Cr$_{1+x}$Te$_2$ is a self-intercalated vdW system that is of current interest for its room-temperature FM phases and tunable topological properties. Early NPD measurements on the monoclinic phase Cr$_3$Te$_4$ ($x=0.5$) presented evidence for competing FM and AFM phases. Here we apply neutron diffraction to a single crystal of Cr$_{3+δ}$Te$_4$ with $δ=-0.10$ and discover that it consists of two distinct monoclinic phases, one with FM order below $T_{\rm C} \approx 321$ K and another that develops AFM order below $T_{\rm N} \approx 86$ K. In contrast, we find that a crystal with $δ=-0.26$ exhibits only FM order. The single-crystal analysis is complemented by results obtained with NPD, XPD, and TEM measurements on the $δ=-0.10$ composition. From observations of spontaneous magnetostriction of opposite sign at $T_{\rm C}$ and $T_{\rm N}$, along with the TEM evidence for both monoclinic phases in a single thin ($\approx$ 100 nm) grain, we conclude that the two phases must have a fine-grained ($\lesssim$ 100 nm) intergrowth character, as might occur from high-temperature spinodal decomposition during the growth process. Calculations of the relaxed lattice structures for the FM and AFM phases with DFT provide a rationalization of the observed spontaneous magnetostrictions. Correlations between the magnitude and orientation of the magnetic moments with lattice parameter variation demonstrate that the magnetic orders are sensitive to strain, thus explaining why magnetic ordering temperatures and anisotropies can be different between bulk and thin-film samples, when the latter are subject to epitaxial strain. Our results point to the need to investigate the supposed coexistence FM and AFM phases reported elsewhere in the Cr$_{1+x}$Te$_2$ system, such as in the Cr$_5$Te$_8$ phase ($x=0.25$).

Figures (16)

• Figure 1: (a) The atomic arrangement in Cr$_3$Te$_4$. The hexagonal/pseudo-hexagonal Cr$_\text{h}$ layers (in magenta) are common to the Cr$_{1+x}$Te$_2$ system, while the occupied interstitial Cr$_\text{i}$ sites (in blue) vary among different phases. (b) Approximate phase diagram for Cr$_{1+x}$Te$_2$. Phase boundaries are estimated from the data in Table II of Ipser et al.ipse83. Letters denote symmetry: T:trigonal, M:monoclinic, and H:hexagonal. The circles and stars indicate the FM ($T_\text{C}$) and AFM ($T_\text{N}$) ordering temperatures, respectively, as listed in Table \ref{['tab']}. The red square denotes $T_\text{C}$, which was measured by magnetization liu19.
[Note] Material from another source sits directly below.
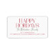Spread cheer and sophistication this season with this elegant Happy Holidays return address label. Designed with a modern blend of festive red and soft sage green typography, this label beautifully showcases your family name and address beneath a stylish Happy Holidays greeting. The clean, classic layout adds a polished touch to all your seasonal correspondence.
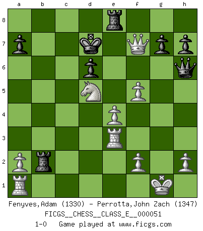 Last move : 1-0 2007 August 13 1:25:18 [Event "FICGS__CHESS__CLASS_E__000051"] [Site "FICGS"] [Date "2007.05.26"] [Round "1"] [White "Fenyves,Adam"] [Black "Perrotta,John Zach"] [Result "1-0"] [WhiteElo "1330"] [BlackElo "1347"] 1.e4 e5 2.d4 exd4 3.c3 dxc3 4.Nxc3 Nc6 5.Bc4 d6 6.Nf3 Nf6 7.O-O Bg4 8.Qb3 Na5 9.Bxf7+ Ke7 10.Qa3 Bxf3 11.gxf3 Kxf7 12.Qxa5 Be7 13.Qb5 Qd7 14.Qxb7 Qh3 15.Qb3+ Kf8 16.Ne2 Nh5 17.Nd4 Bf6 18.Ne6+ Ke7 19.Nxc7 Rab8 20.Nd5+ Kd7 21.Qd1 Be5 22.f4 Bf6 23.Re1 Rhe8 24.Re3 Qe6 25.Qxh5 Bxb2 26.Bxb2 Rxb2 27.f5 Qh6 28.Qf7+ 1-0 Danish gambit Kingside Castling by player White (move 7) Player White won this chess game. Follow this game move after move (download)Chess is really ninety nine percent calculation. (Soltis) Jeder leidlich begabte Spieler, er braucht keineswegs hervorragend veranlagt zu sein, kann es zum Meister bringen. Aber das ist ja auch gar nicht nötig! Der richtige Standpunkt ist es, zu seinem Vergnügen zu spielen, und man glaube ja nicht, dass der Genuss proportional dem Können sei. (Siegbert Tarrasch) Una mala movida nulifica cuarenta buenas. (Horowitz) Que feriez-vous si vous étiez en train de jouer aux échecs et que la fin du monde arrive ? Je continuerais à jouer. (Saint Borromée) Success without honor is an unseasoned dish; it will satisfy your hunger, but it won't taste good. (Joe Paterno)

• Figure 2: (a-e) Rocking curves at 350 K for a selection of structural Bragg peaks illustrating the varying separation of peaks A and B. Legends are common across all the panels. The fit (red line) to rocking curves consists of three peaks: A (seagreen), B (orange), and C (blue), simulated by Gaussian lineshapes of fixed width, and a global linear background (black). The vertical dashed lines show the position of A and B peaks, and their difference is highlighted in the panels by A$-$B. (f) A schematic highlighting the orientation of phase B with respect to phase A in the ($H$ 0 $L$) reciprocal space. Their $c^*$ axes are co-aligned and represented by $c^*_\text{AB}$. The $a^*$ axis associated with the B peaks is rotated by 180$^\circ$ around the $c^*$ axis relative to the $a^*$ axis of the A peaks, such that $a^*_\text{A}$ and $- a^*_\text{B}$ are aligned, and their angular difference is equal to $\beta_{\rm A}+\beta_{\rm B}-180^\circ$.
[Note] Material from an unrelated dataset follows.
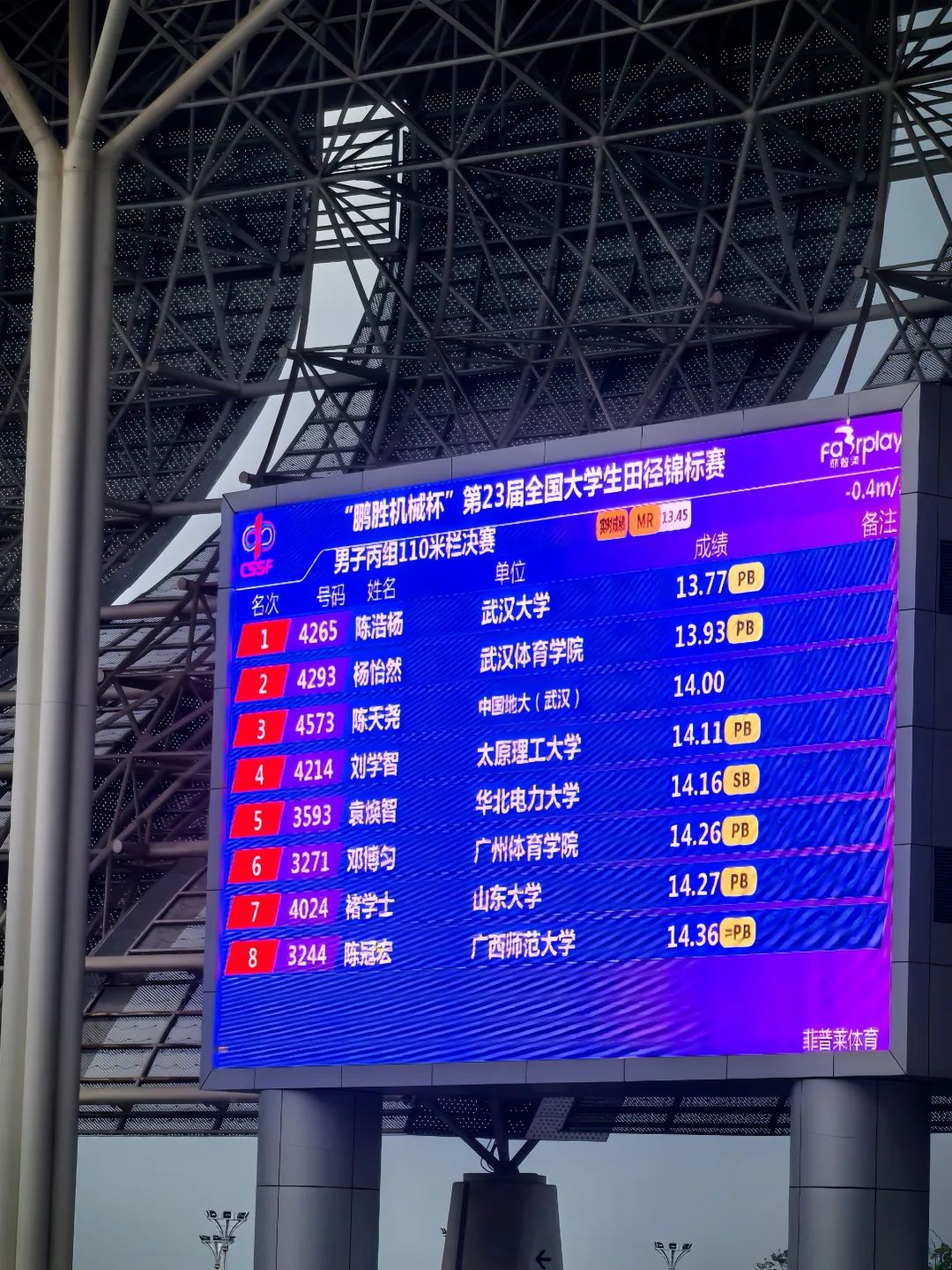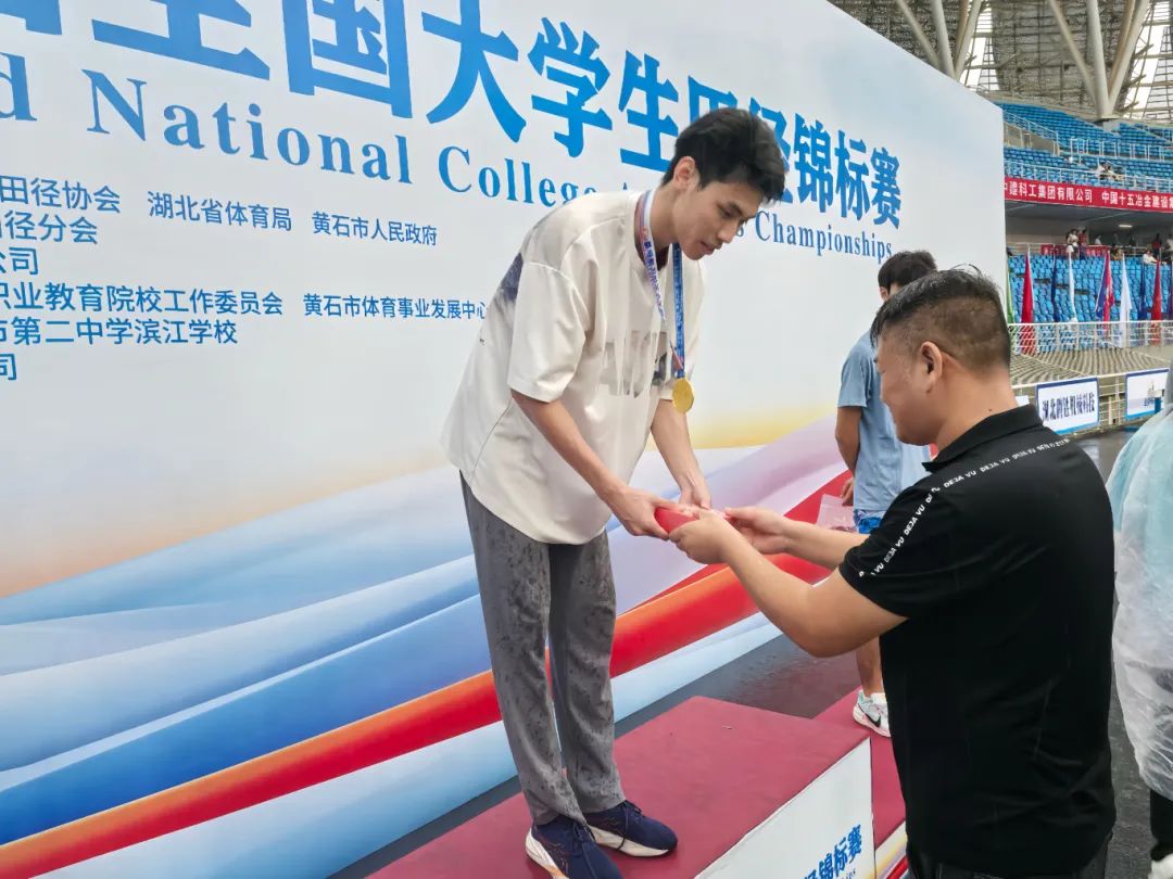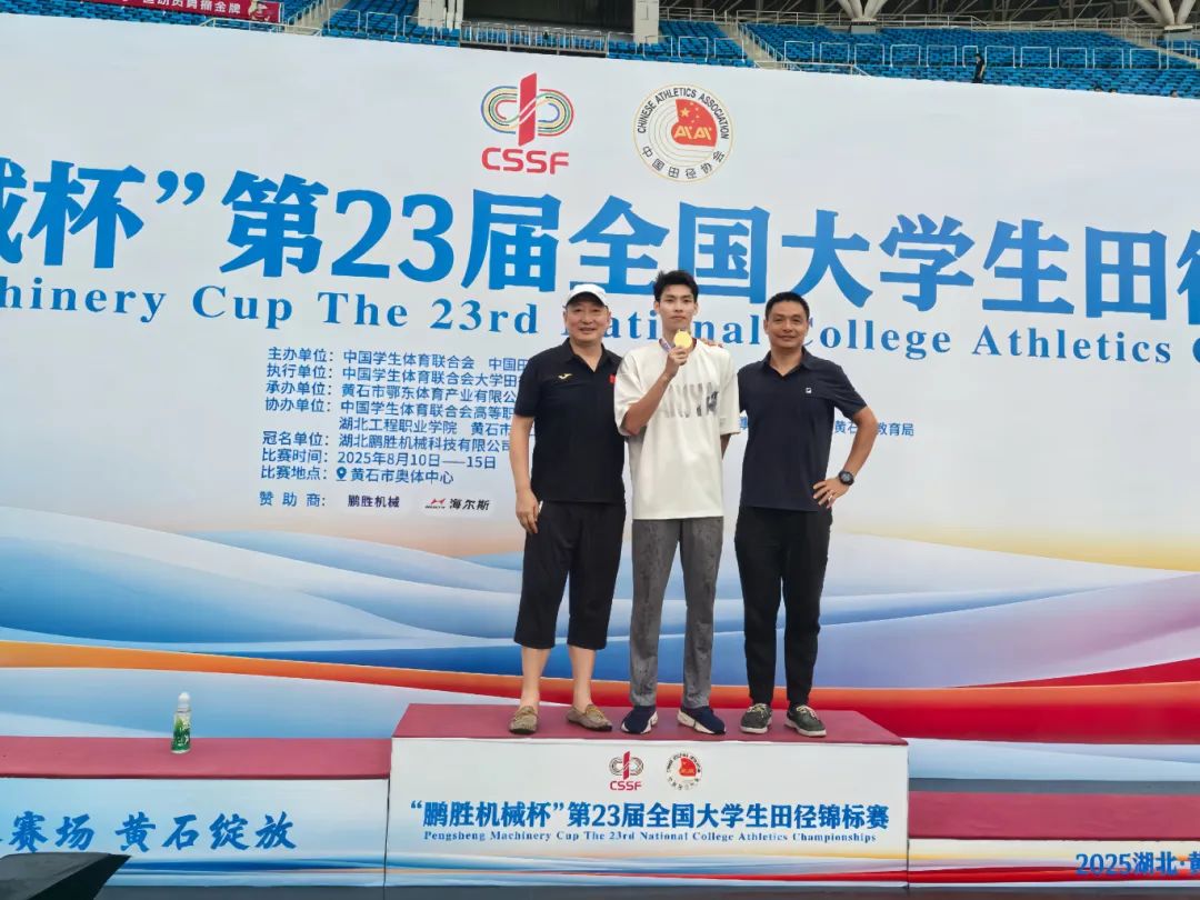 2025年8月10日至8月15日,第23届全国大学生田径锦标赛在湖北黄石奥林匹克体育中心燃情开赛。来自全国490所高校的3640余名运动健儿齐聚一堂,在27个大项、161个小项中展开激烈角逐。武大田径队高水平运动员、计算机学院2023级本科生陈浩杨凭借强大的实力水平和顽强的拼搏精神,在男子丙组110米栏项目中一骑绝尘,斩获金牌,闪耀赛场,为学校、学院赢得荣誉。

• Figure 3: Rocking curves at 4 K (circles) and 350 K (squares) for (0 0 $-2$), (2 0 0), and (2 0 $-2$). Letters A, B, and C highlight the locations of peaks from the respective phases.
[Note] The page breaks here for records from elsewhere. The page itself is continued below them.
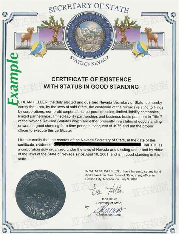 美国内华达州(Nevada)公司Good Standing证书 良好存续证明 亚古数据
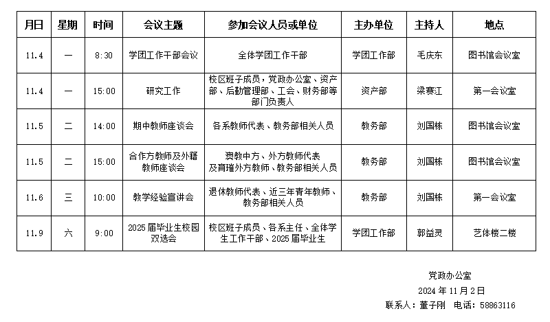 濟(jì)南校區(qū)(斯威本學(xué)院)第十一周會議安排
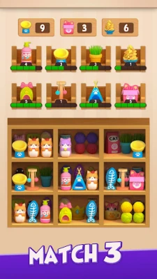 Step into the vibrant universe of Triple Cat Sort, an innovative 3D match game that challenges your organizational skills while providing endless entertainment. The primary objective? To sort and eliminate goods on shelves by matching three or more items. Each level presents a unique challenge, requiring players to strategically eliminate specific items to complete the match-3 tasks and unlock fantastic triple rewards. 🎉
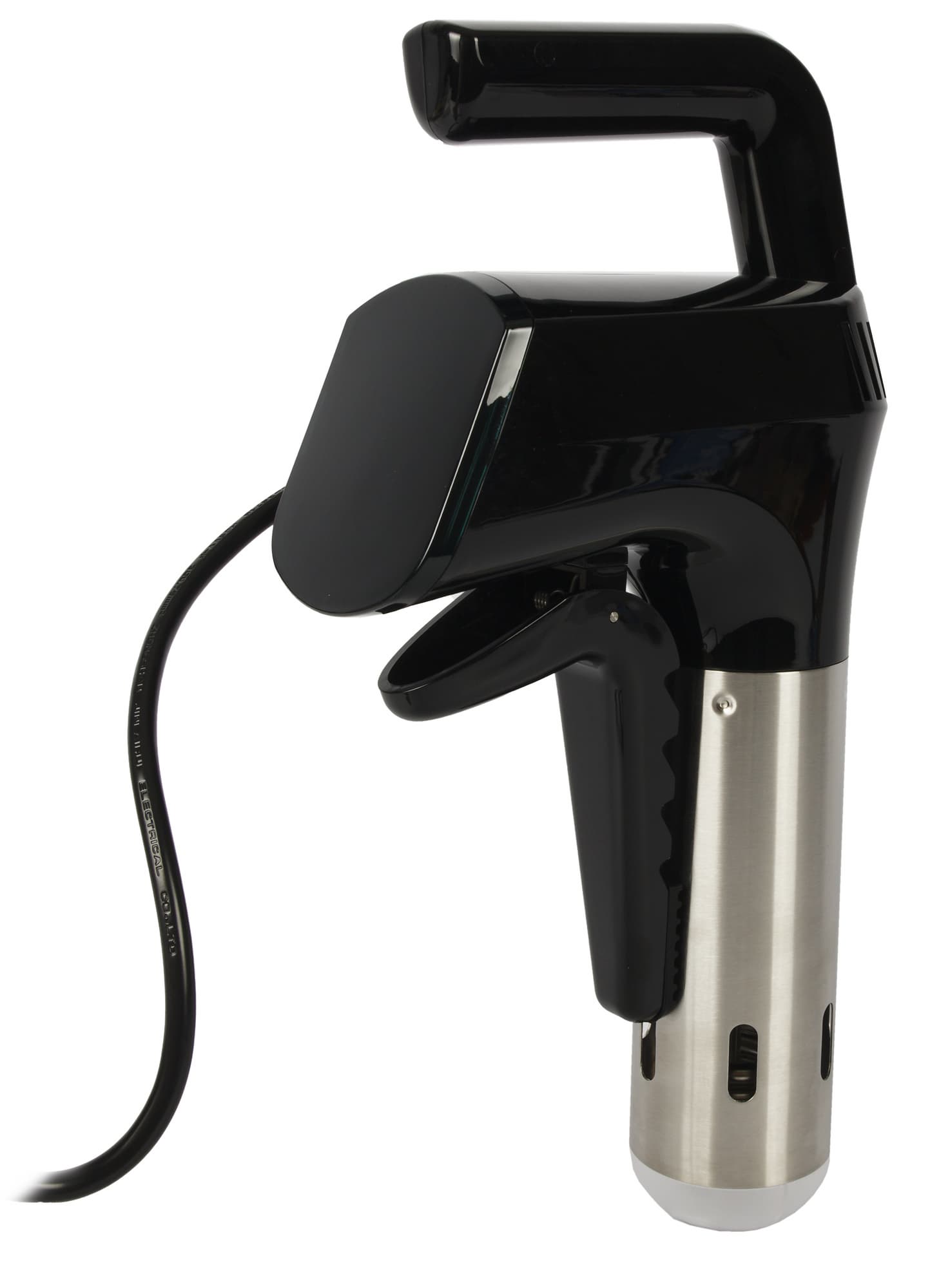 Шнур прикреплен слева от панели управления, длина его представляется нам достаточной для эксплуатации сувида в типовых домашних условиях. Чуть выше можно видеть наклейку с информацией об изделии. Погружная часть выполнена из металла. На ее поверхности с внешней стороны имеются отметки о максимальном и минимальном уровне воды.
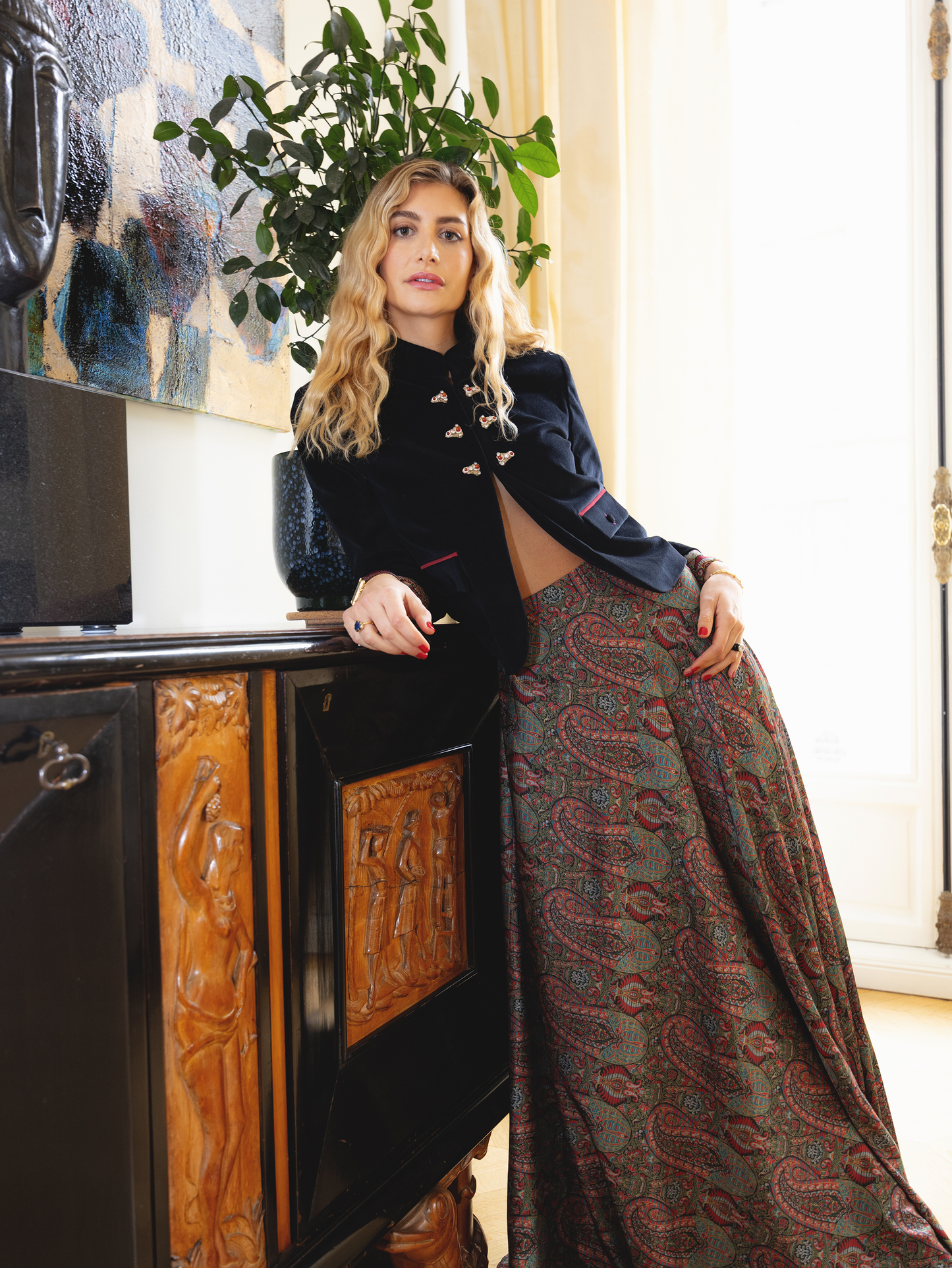Persian motifs are reinterpreted into contemporary silhouettes with quiet grandeur. Rich fabrics and sculptural cuts evoke the graceful intimacy of a winter court, deeply rooted in legacy

• Figure 4: Mesh scans for (a) (2 0 $-2$) and (b) (1.5 0 1.5) based on the indexing of phase A. (c) Scan along ${\bf Q}$ = (1.5 0 $L$)$_{\rm A}$; green arrow points to the absence of a peak for phase A at (1.5 0 $-1.5$).
• Figure 5: Comparison of the the structural refinement (red line) from the 350 K NPD data (black line) (the weighted-profile factor $R_\text{wp} = 5.05$) for the $\delta = -0.10$ sample. Lower panel shows the difference between calculated intensities and the data.